• EXERCISE REQUIREMENTS: From the line with "而若是林尼在發射二段蓄力箭矢" to the line with "读书沙龙分两场举行,由MG冰", output every line below exactly, both ends included. Skip the pictures.

• EXTRACTED RECORDS:
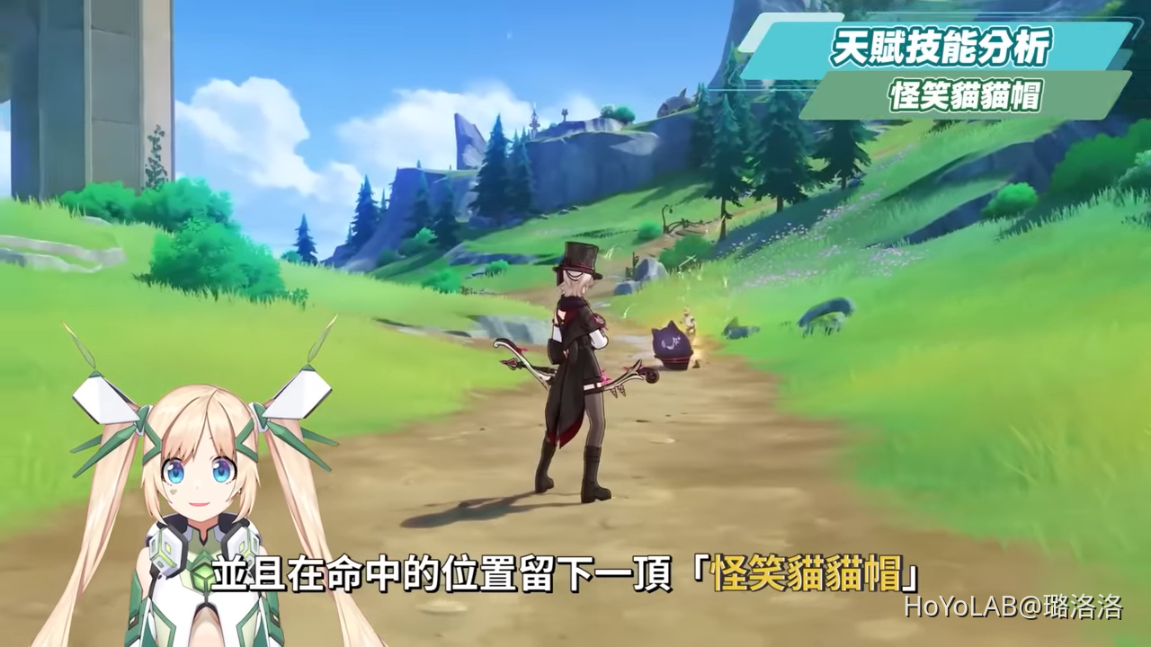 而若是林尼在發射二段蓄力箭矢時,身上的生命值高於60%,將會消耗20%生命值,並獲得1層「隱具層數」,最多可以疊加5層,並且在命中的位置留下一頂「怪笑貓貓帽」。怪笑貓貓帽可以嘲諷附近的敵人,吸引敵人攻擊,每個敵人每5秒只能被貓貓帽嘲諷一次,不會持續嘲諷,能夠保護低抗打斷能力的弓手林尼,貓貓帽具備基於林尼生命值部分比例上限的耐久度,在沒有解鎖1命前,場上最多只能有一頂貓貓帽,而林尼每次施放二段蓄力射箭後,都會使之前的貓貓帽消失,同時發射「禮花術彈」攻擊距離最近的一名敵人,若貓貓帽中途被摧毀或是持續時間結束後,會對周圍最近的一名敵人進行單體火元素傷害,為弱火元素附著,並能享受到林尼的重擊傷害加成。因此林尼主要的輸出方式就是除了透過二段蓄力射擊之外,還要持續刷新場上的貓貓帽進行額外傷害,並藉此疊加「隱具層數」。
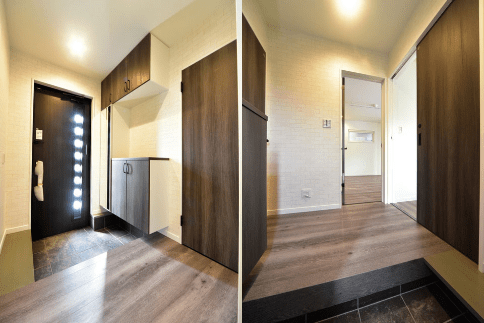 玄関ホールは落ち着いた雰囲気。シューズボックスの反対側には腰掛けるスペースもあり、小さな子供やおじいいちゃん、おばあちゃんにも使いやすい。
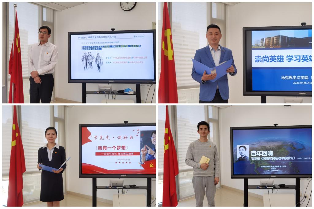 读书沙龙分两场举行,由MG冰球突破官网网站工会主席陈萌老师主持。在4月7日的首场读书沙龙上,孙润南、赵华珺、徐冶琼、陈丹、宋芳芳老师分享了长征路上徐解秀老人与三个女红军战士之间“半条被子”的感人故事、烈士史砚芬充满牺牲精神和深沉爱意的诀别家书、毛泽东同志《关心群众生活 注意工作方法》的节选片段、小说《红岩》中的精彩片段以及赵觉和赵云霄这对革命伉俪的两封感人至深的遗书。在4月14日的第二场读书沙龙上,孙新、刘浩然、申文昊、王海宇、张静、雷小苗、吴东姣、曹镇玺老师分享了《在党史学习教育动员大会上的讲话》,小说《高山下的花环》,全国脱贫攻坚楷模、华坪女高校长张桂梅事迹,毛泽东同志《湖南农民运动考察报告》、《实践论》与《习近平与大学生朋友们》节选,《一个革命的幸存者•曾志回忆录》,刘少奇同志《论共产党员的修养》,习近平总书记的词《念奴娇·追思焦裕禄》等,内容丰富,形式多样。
...
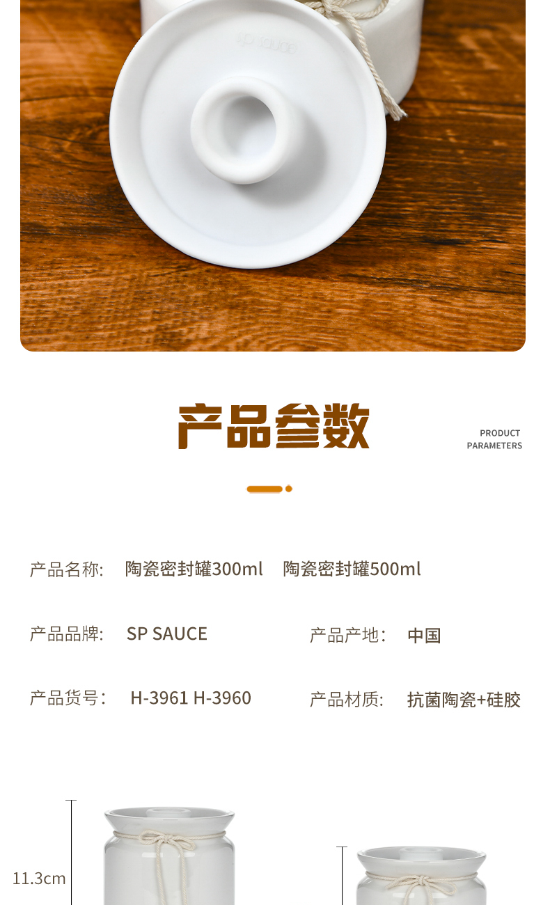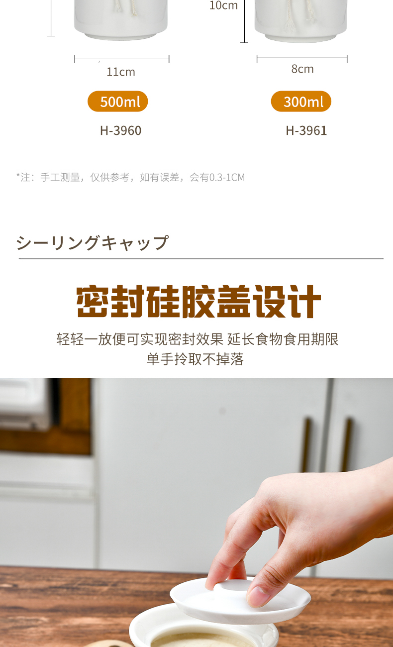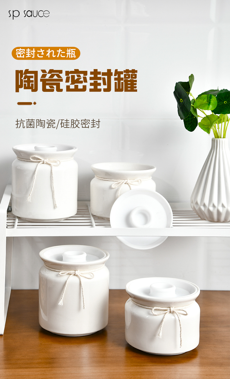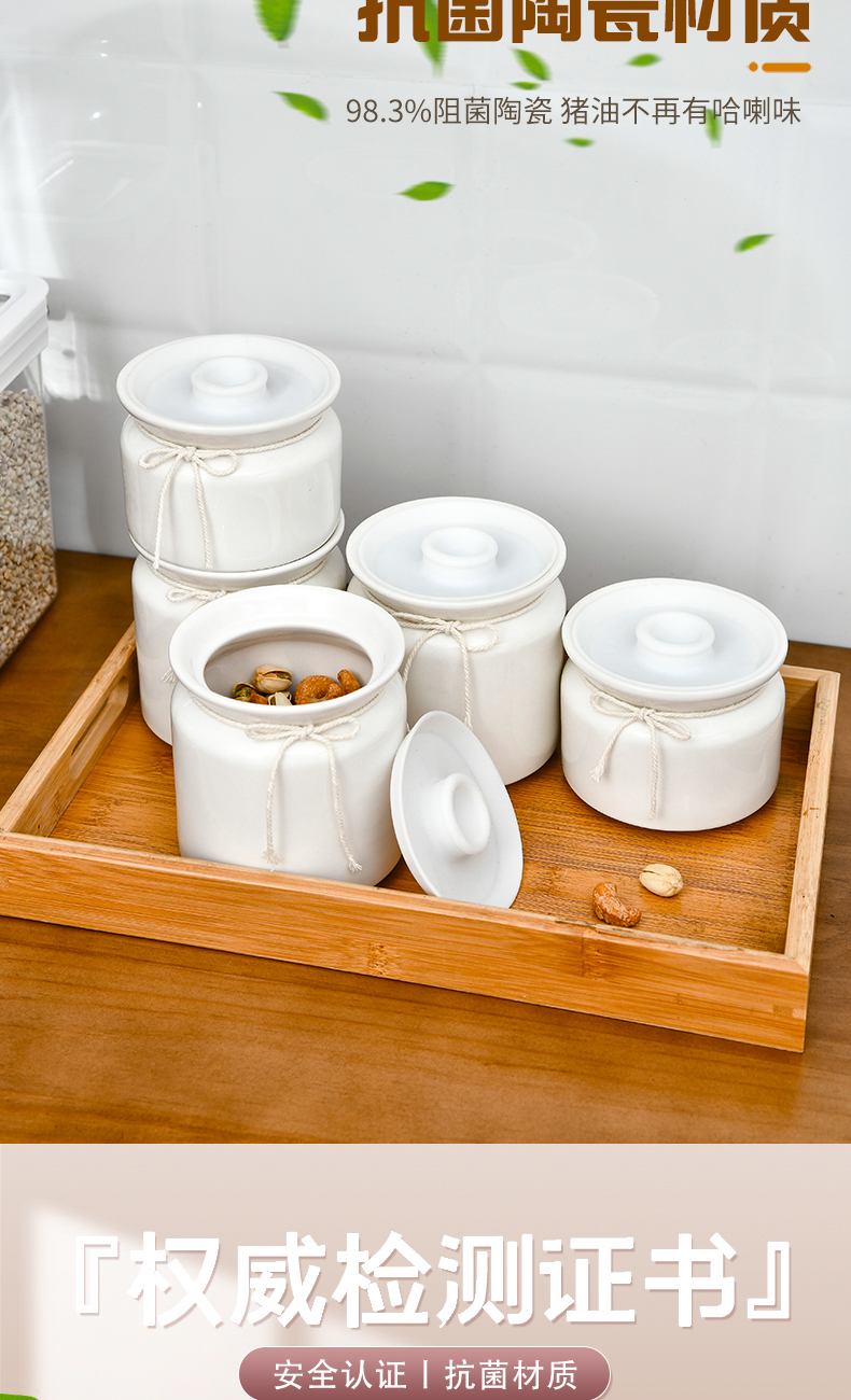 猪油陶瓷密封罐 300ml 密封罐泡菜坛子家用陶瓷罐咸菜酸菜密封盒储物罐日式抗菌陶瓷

• TASK ANSWER:
 而若是林尼在發射二段蓄力箭矢時,身上的生命值高於60%,將會消耗20%生命值,並獲得1層「隱具層數」,最多可以疊加5層,並且在命中的位置留下一頂「怪笑貓貓帽」。怪笑貓貓帽可以嘲諷附近的敵人,吸引敵人攻擊,每個敵人每5秒只能被貓貓帽嘲諷一次,不會持續嘲諷,能夠保護低抗打斷能力的弓手林尼,貓貓帽具備基於林尼生命值部分比例上限的耐久度,在沒有解鎖1命前,場上最多只能有一頂貓貓帽,而林尼每次施放二段蓄力射箭後,都會使之前的貓貓帽消失,同時發射「禮花術彈」攻擊距離最近的一名敵人,若貓貓帽中途被摧毀或是持續時間結束後,會對周圍最近的一名敵人進行單體火元素傷害,為弱火元素附著,並能享受到林尼的重擊傷害加成。因此林尼主要的輸出方式就是除了透過二段蓄力射擊之外,還要持續刷新場上的貓貓帽進行額外傷害,並藉此疊加「隱具層數」。
 玄関ホールは落ち着いた雰囲気。シューズボックスの反対側には腰掛けるスペースもあり、小さな子供やおじいいちゃん、おばあちゃんにも使いやすい。
 读书沙龙分两场举行,由MG冰球突破官网网站工会主席陈萌老师主持。在4月7日的首场读书沙龙上,孙润南、赵华珺、徐冶琼、陈丹、宋芳芳老师分享了长征路上徐解秀老人与三个女红军战士之间“半条被子”的感人故事、烈士史砚芬充满牺牲精神和深沉爱意的诀别家书、毛泽东同志《关心群众生活 注意工作方法》的节选片段、小说《红岩》中的精彩片段以及赵觉和赵云霄这对革命伉俪的两封感人至深的遗书。在4月14日的第二场读书沙龙上,孙新、刘浩然、申文昊、王海宇、张静、雷小苗、吴东姣、曹镇玺老师分享了《在党史学习教育动员大会上的讲话》,小说《高山下的花环》,全国脱贫攻坚楷模、华坪女高校长张桂梅事迹,毛泽东同志《湖南农民运动考察报告》、《实践论》与《习近平与大学生朋友们》节选,《一个革命的幸存者•曾志回忆录》,刘少奇同志《论共产党员的修养》,习近平总书记的词《念奴娇·追思焦裕禄》等,内容丰富,形式多样。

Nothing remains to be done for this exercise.